Степан Артемьевич вздохнул длинно и тяжело, как конь перед подъемом в гору:
— Кабы знать…
Лиза посмотрела на него сострадательно, как на тяжело больного, и молча стала прибирать на столе.
Степану Артемьевичу было все же приятно, что его жена начинает интересоваться и «резервами», хоть они для нее пока еще и лес темный. «Входит все-таки во вкус сельской жизни, вникает, хотя бы для начала и по газетам. Молодец, женушка!»
А Лиза тосковала по научной работе. Еще студенткой-старшекурсницей она начала накапливать материал для будущей диссертации «Древняя письменность и новгородская культура на Беломорье». Эту работу продолжала, когда жила в городе, а теперь все оборвалось… Она постепенно превращалась в домашнюю хозяйку, а вскоре станет и матерью. «Как быть дальше? Что предпринять?» — думала она с грустью.

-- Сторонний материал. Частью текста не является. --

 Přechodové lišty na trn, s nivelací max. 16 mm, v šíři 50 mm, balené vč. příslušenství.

Она обживала новую квартиру. Здесь ей все казалось не таким привычным, как в старой: платяной шкаф поставили не там, где бы надо, книжные полки не мешало бы передвинуть влево, подальше от окна. На кухне нет полки для банок и коробок с крупой, сахаром и специями. Люстру надо бы купить новую, эта старомодна. Лиза по нескольку раз переставляла и передвигала, все, что могла, и все равно не была удовлетворена.

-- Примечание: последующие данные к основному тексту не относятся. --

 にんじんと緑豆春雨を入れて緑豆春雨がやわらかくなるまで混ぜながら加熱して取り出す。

Она говорила мужу о необходимости перестановок, но он отмахивался: «Некогда, Лизок. Когда-нибудь потом».
Наконец она успокоилась, вроде бы привыкла ко всему, и занялась чтением. Когда она сидела за книгой, пришла Любовцева с небольшой черной хозяйственной сумкой в руке. Низенькая, раздавшаяся в ширину, в стареньких ботиках с меховой опушкой, в длинном пальто с потертым цигейковым воротником, она поздоровалась, и лицо ее расплылось в добродушной улыбке. Глаза сузились в щелки, короткий толстый нос наморщился, будто она собиралась чихнуть.
Лиза, скучавшая в одиночестве, обрадовалась ее появлению.
— Проходите, пожалуйста. Поговорим, чайком побалуемся. У нас индийский, правда, второго сорта…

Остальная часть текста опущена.